DATA Block Start

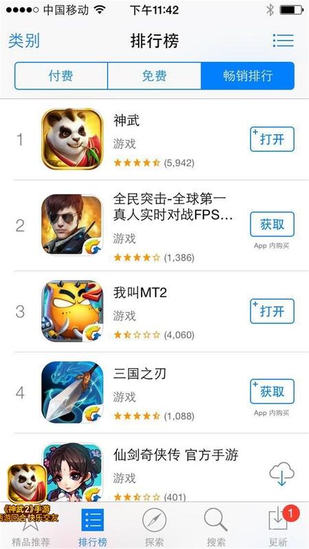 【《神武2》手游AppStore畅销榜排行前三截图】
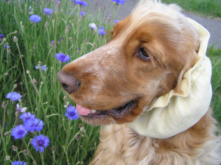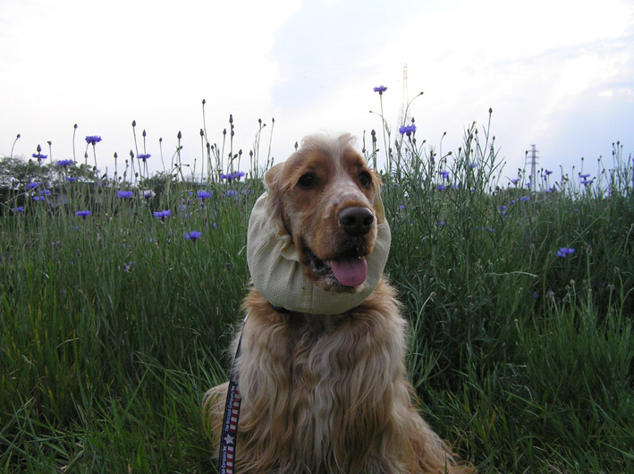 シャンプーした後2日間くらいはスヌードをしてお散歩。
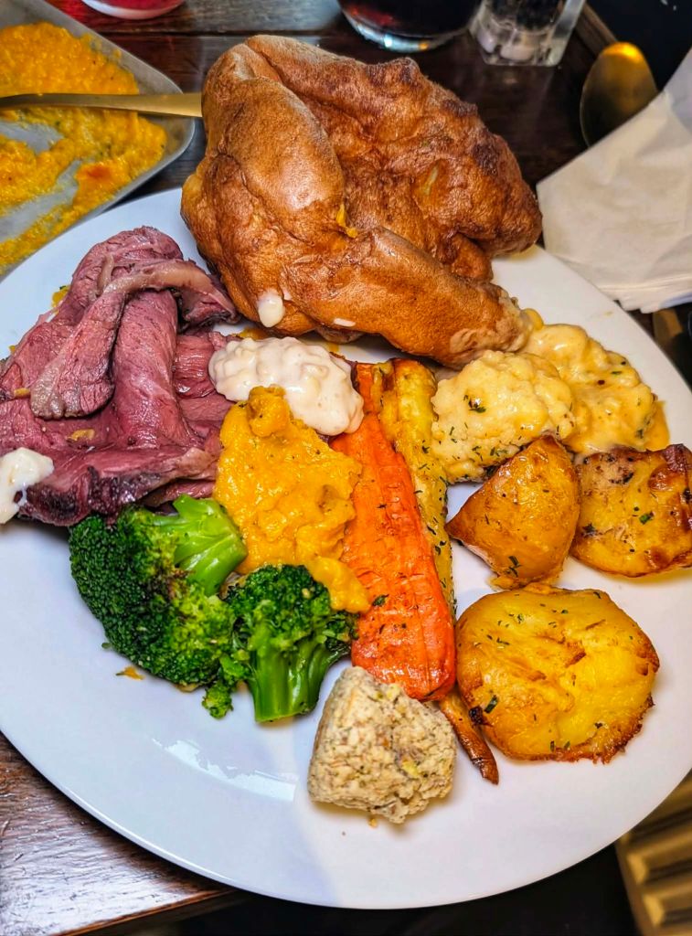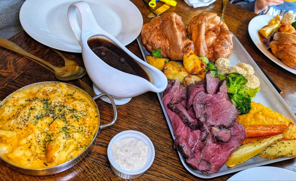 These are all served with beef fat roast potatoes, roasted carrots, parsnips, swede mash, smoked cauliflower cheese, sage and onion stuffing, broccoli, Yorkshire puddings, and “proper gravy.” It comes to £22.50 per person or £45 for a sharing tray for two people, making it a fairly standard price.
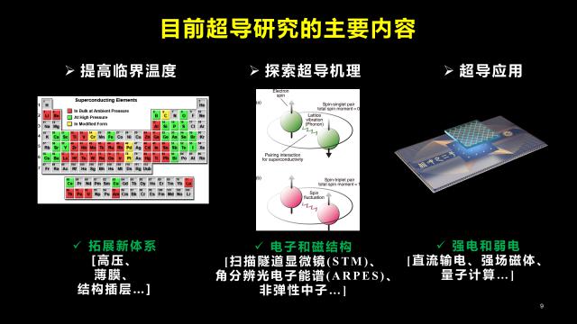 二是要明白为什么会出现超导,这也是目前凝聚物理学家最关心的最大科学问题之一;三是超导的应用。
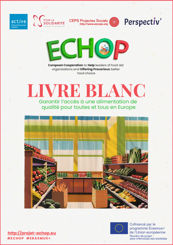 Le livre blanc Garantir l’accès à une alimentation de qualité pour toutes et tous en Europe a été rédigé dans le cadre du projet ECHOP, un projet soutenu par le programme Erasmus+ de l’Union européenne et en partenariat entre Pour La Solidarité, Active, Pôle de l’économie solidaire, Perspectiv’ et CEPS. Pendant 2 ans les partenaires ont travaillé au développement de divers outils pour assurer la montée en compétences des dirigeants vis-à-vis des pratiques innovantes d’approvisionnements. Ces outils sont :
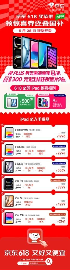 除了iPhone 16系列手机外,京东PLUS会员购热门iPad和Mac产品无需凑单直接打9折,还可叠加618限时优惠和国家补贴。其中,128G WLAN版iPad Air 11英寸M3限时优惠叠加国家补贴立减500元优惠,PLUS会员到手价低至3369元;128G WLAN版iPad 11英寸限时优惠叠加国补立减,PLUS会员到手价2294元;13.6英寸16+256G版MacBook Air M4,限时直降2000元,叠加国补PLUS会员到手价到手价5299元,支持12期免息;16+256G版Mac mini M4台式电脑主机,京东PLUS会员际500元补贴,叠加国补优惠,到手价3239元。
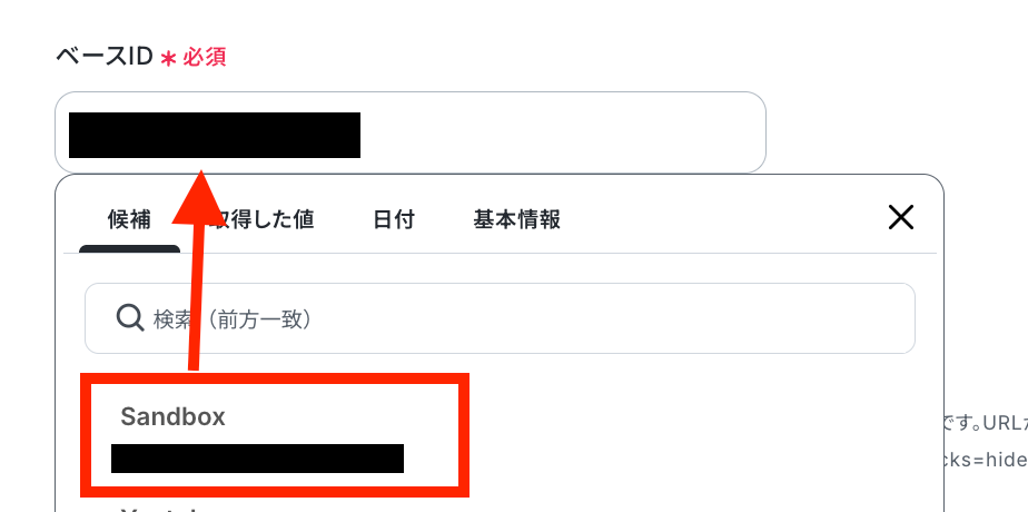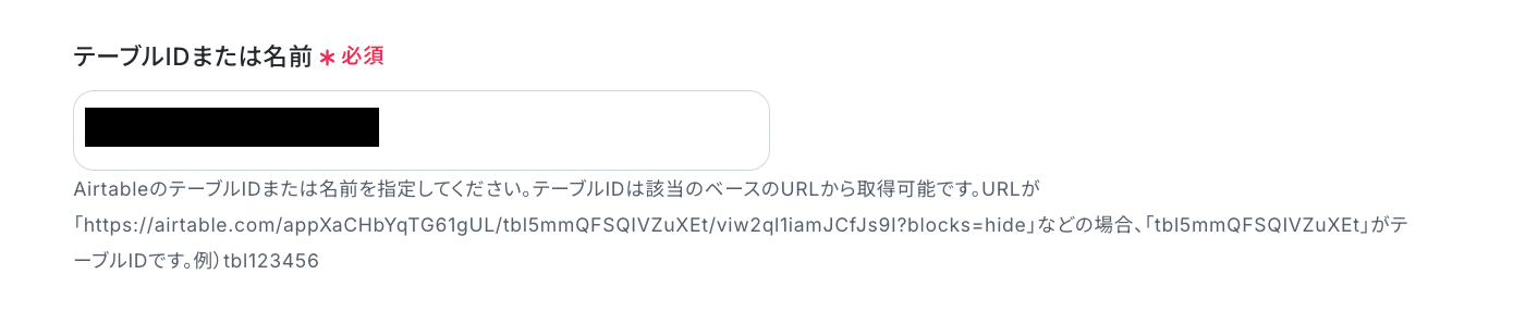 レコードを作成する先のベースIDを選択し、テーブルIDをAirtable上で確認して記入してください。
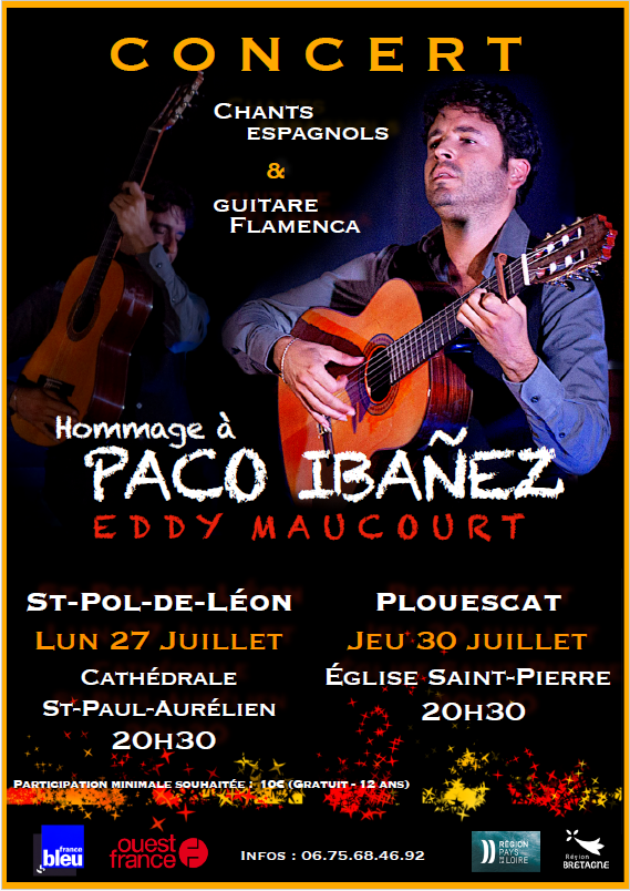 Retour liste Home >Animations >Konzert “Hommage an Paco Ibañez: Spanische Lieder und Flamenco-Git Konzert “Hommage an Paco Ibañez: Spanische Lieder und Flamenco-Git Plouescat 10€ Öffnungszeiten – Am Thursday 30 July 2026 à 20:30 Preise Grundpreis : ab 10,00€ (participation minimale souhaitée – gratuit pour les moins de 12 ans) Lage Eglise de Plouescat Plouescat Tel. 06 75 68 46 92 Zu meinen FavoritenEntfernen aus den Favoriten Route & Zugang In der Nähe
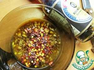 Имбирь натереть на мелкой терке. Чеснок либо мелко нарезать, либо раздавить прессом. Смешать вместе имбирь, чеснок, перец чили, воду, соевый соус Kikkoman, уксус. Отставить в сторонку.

DATA Block End

**REQUIRED ACTION:**
From the material above, reproduce everything verbatim except the pictures.

**SOLUTION TO THE EXERCISE:**
 【《神武2》手游AppStore畅销榜排行前三截图】
 シャンプーした後2日間くらいはスヌードをしてお散歩。
 These are all served with beef fat roast potatoes, roasted carrots, parsnips, swede mash, smoked cauliflower cheese, sage and onion stuffing, broccoli, Yorkshire puddings, and “proper gravy.” It comes to £22.50 per person or £45 for a sharing tray for two people, making it a fairly standard price.
 二是要明白为什么会出现超导,这也是目前凝聚物理学家最关心的最大科学问题之一;三是超导的应用。
 Le livre blanc Garantir l’accès à une alimentation de qualité pour toutes et tous en Europe a été rédigé dans le cadre du projet ECHOP, un projet soutenu par le programme Erasmus+ de l’Union européenne et en partenariat entre Pour La Solidarité, Active, Pôle de l’économie solidaire, Perspectiv’ et CEPS. Pendant 2 ans les partenaires ont travaillé au développement de divers outils pour assurer la montée en compétences des dirigeants vis-à-vis des pratiques innovantes d’approvisionnements. Ces outils sont :
 除了iPhone 16系列手机外,京东PLUS会员购热门iPad和Mac产品无需凑单直接打9折,还可叠加618限时优惠和国家补贴。其中,128G WLAN版iPad Air 11英寸M3限时优惠叠加国家补贴立减500元优惠,PLUS会员到手价低至3369元;128G WLAN版iPad 11英寸限时优惠叠加国补立减,PLUS会员到手价2294元;13.6英寸16+256G版MacBook Air M4,限时直降2000元,叠加国补PLUS会员到手价到手价5299元,支持12期免息;16+256G版Mac mini M4台式电脑主机,京东PLUS会员际500元补贴,叠加国补优惠,到手价3239元。
 レコードを作成する先のベースIDを選択し、テーブルIDをAirtable上で確認して記入してください。
 Retour liste Home >Animations >Konzert “Hommage an Paco Ibañez: Spanische Lieder und Flamenco-Git Konzert “Hommage an Paco Ibañez: Spanische Lieder und Flamenco-Git Plouescat 10€ Öffnungszeiten – Am Thursday 30 July 2026 à 20:30 Preise Grundpreis : ab 10,00€ (participation minimale souhaitée – gratuit pour les moins de 12 ans) Lage Eglise de Plouescat Plouescat Tel. 06 75 68 46 92 Zu meinen FavoritenEntfernen aus den Favoriten Route & Zugang In der Nähe
 Имбирь натереть на мелкой терке. Чеснок либо мелко нарезать, либо раздавить прессом. Смешать вместе имбирь, чеснок, перец чили, воду, соевый соус Kikkoman, уксус. Отставить в сторонку.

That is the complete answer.